• **Collected data**:
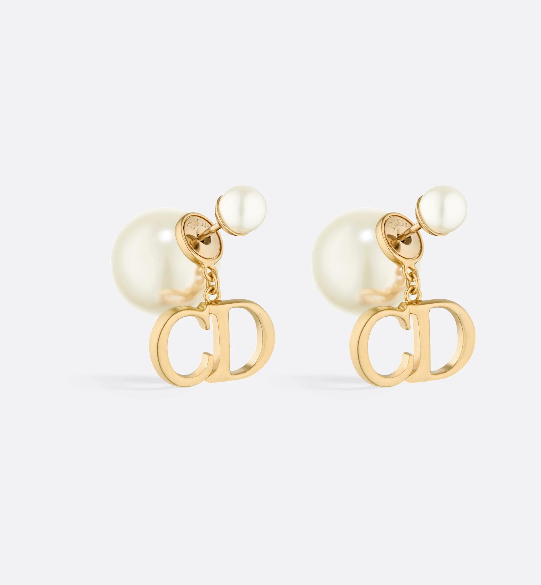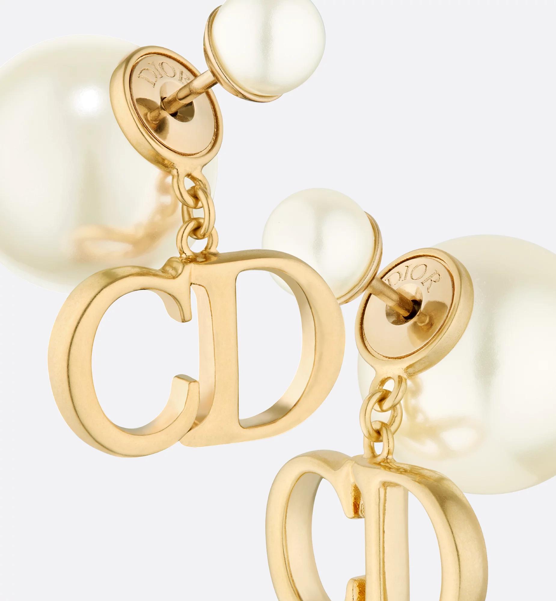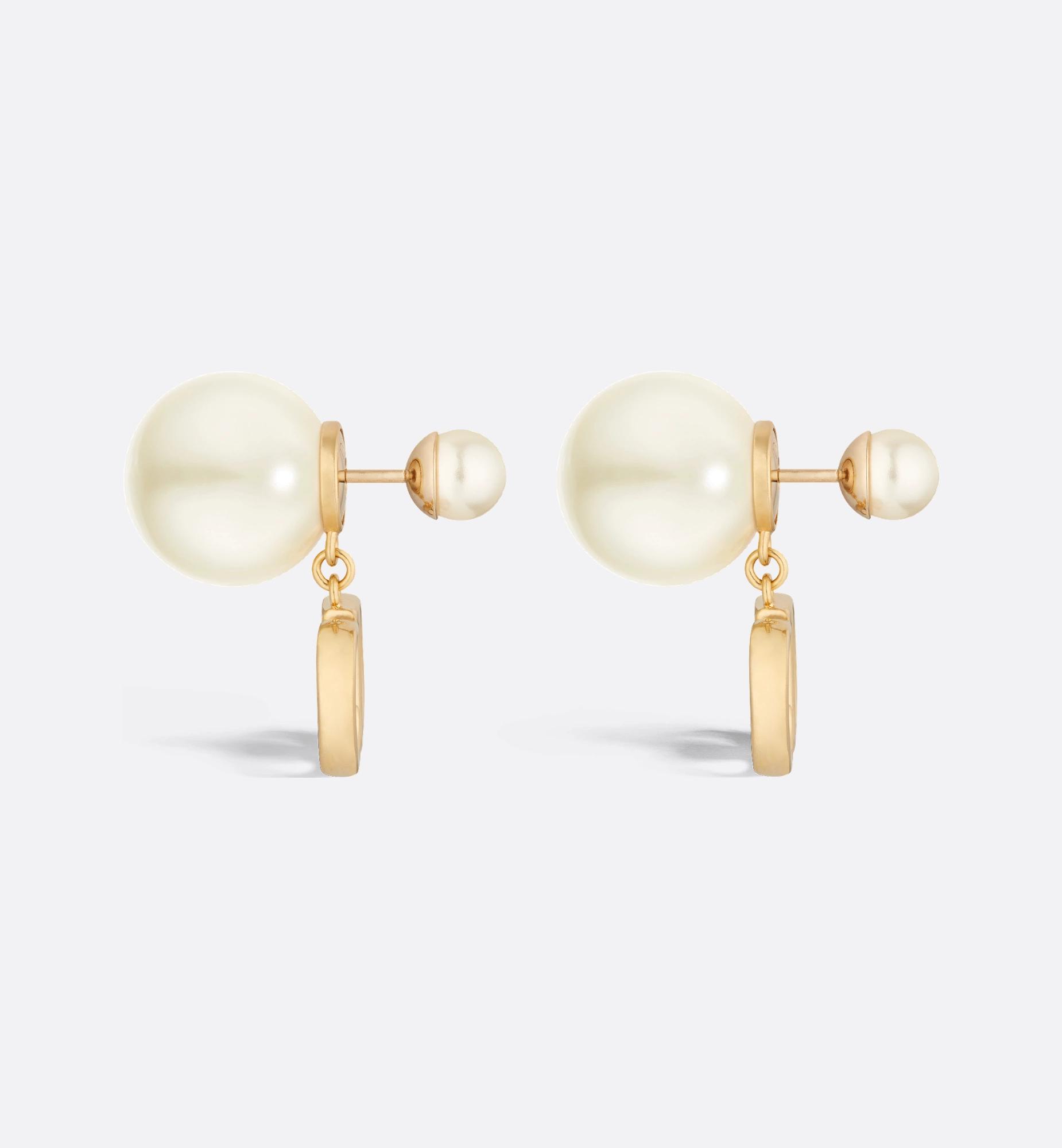 The Dior Tribales earrings play with the timeless signature of the Saddle bag, a true House icon. The hallmark resin pearls showcase the CD signature in gold-finish metal. The earrings can be combined with other Saddle creations. White resin pearls. CD signatures. Gold-finish metal. Integrated clasp on the rear pearl. Sold as a pair. Made in Germany
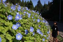 サル被害でアサガオ定植 松川 川口さん宅で見頃
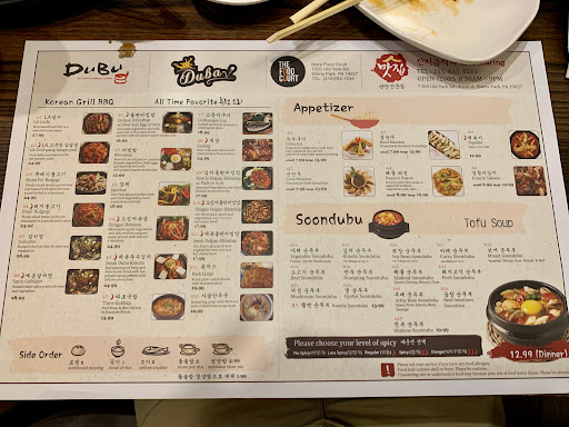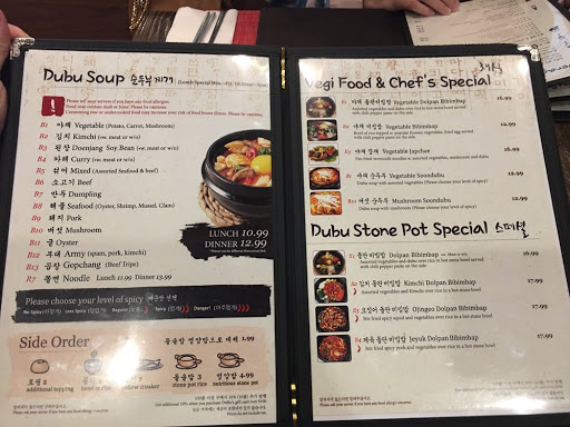 Pretty good soondubu (soft tofu). Decent spread of banchan (side dishes). Clean atmosphere. Nice decor. Iffy parking.

• **Try it**:
Precisely the lines from the one containing "サル被害でアサガオ定植 松川 川口さん宅で見頃" to the end of the data above, both included, should be printed; leave the pictures out.

• **Solution for this task**:
 サル被害でアサガオ定植 松川 川口さん宅で見頃
 Pretty good soondubu (soft tofu). Decent spread of banchan (side dishes). Clean atmosphere. Nice decor. Iffy parking.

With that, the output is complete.